Ondanks de discussie over het nut van huiswerk is het geven van huiswerk op dit moment op de meeste VO scholen in Nederland een vast onderdeel van het onderwijsprogramma. Uit ons onderzoek, waarin de verschillende partijen konden kiezen uit alle mogelijke factoren die een rol kunnen spelen bij de overgang van PO naar VO, werd de factor huiswerk als belangrijkste factor genoemd. Hoewel 93% van de ondervraagde docenten van het Spinoza Lyceum vindt dat een brugklasleerling niet langer dan 2 uur per dag aan zijn huiswerk zou moeten besteden, blijkt uit onze enquête onder deze leerlingen dat 47% langer dan twee uur per dag aan zijn huiswerk zit waaronder 10% zelfs langer dan drie uur per dag. Dat huiswerk een belangrijke rol speelt in ons huidige onderwijssysteem kunnen we niet ontkennen.
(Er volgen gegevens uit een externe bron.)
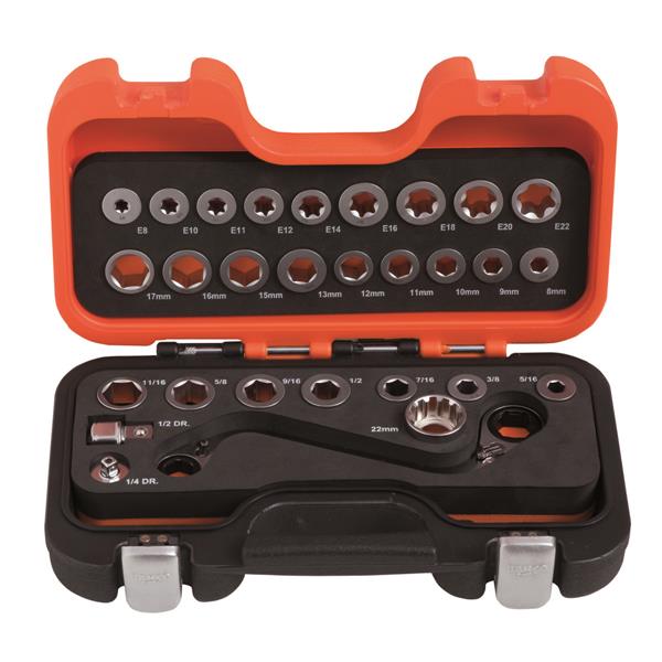 Juego de 29 piezas de llave plana con carraca en S + Juego de adaptadores.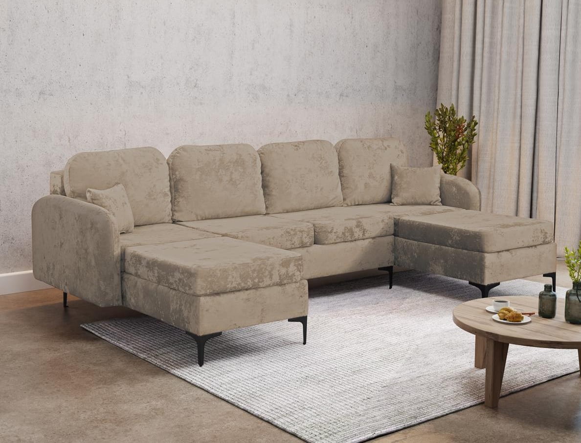Narożnik BELLA to połączenie nowoczesnego designu z funkcjonalnością, stworzone z myślą o wygodzie i estetyce. Doskonale sprawdzi się w salonie, dodając wnętrzu elegancji oraz zapewniając praktyczne rozwiązania na co dzień. Co więcej wyróżnia się nowoczesnym wyglądem, który idealnie komponuje się z aktualnymi trendami wnętrzarskimi. Obicie z wysokiej jakości tkaniny welurowej zapewnia subtelną teksturę i miękkość w dotyku. Eleganckie przeszycia i staranne wykonanie nadają jej ekskluzywny charakter, czyniąc ją idealnym wyborem do każdego wnętrza – od klasycznych po nowoczesne aranżacje.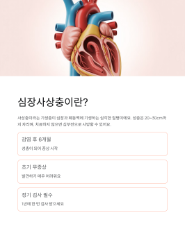 강아지 심장사상충은 모기를 통해 전염되는 기생충 질병이에요. 심장과 폐동맥에 20~30cm의 기생충이 자라면서 심부전을 일으키는 무서운 질병이죠. 초기에는 증상이 없지만, 진행되면 기침, 호흡곤란, 복수 등이 나타나고 결국 사망에 이를 수 있어요.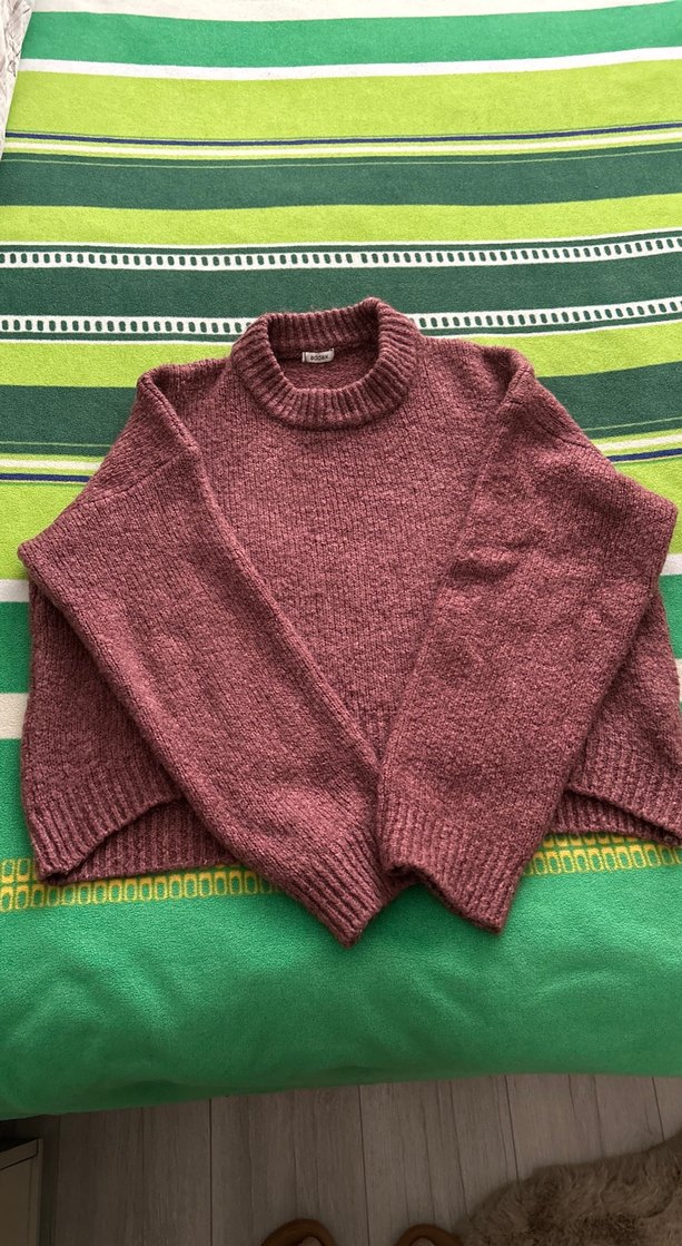 Bordo renkli, örgü dokulu, yuvarlak yakalı ve uzun kollu kadın kazak. Rahat bir görünüm için bol kesim ve normal boyda tasarlanmıştır. Günlük kullanıma uygundur.

Dat er in deze context gekeken wordt naar een meer doorlopende lijn m.b.t. de factor huiswerk is belangrijk voor het ervaren van een organische overgang van PO naar VO. Dit verklaart waarom huiswerk op onze checklist een prominente rol speelt.

Aan de slag

We hebben nu een instrument dat ingezet kan worden om de overgang van groep 8 naar de brugklas soepeler te laten verlopen. Het Spinoza Lyceum heeft een aantal stappen gezet om de hoeveelheid maak- en leerwerk in de eerste 9 weken te beperken en de hoeveelheid toetsen langzaam op te bouwen. Ook organiseren ze een jaarlijks terugkerende ‘Zachte Landing’ bijeenkomst waar leerkrachten groep 8 en brugklasmentoren informatie uitwisselen over lesinhoud en onderwijskundige thema’s. We hopen uiteraard dat met behulp van de checklist leraren van PO en VO nog beter in staat zijn om hun leerlingen zo goed mogelijk voor te bereiden en te begeleiden bij de overgang van groep 8 naar de brugklas.

Literatuurlijst

Bosch & Konerman & de Wit & Rutten & Amsing (2008) Passende overgang, een verkenning naar de stand van zaken rond de overgang tussen primair en voortgezet onderwijs. ‘s-Hertogenbosch: KPC groep.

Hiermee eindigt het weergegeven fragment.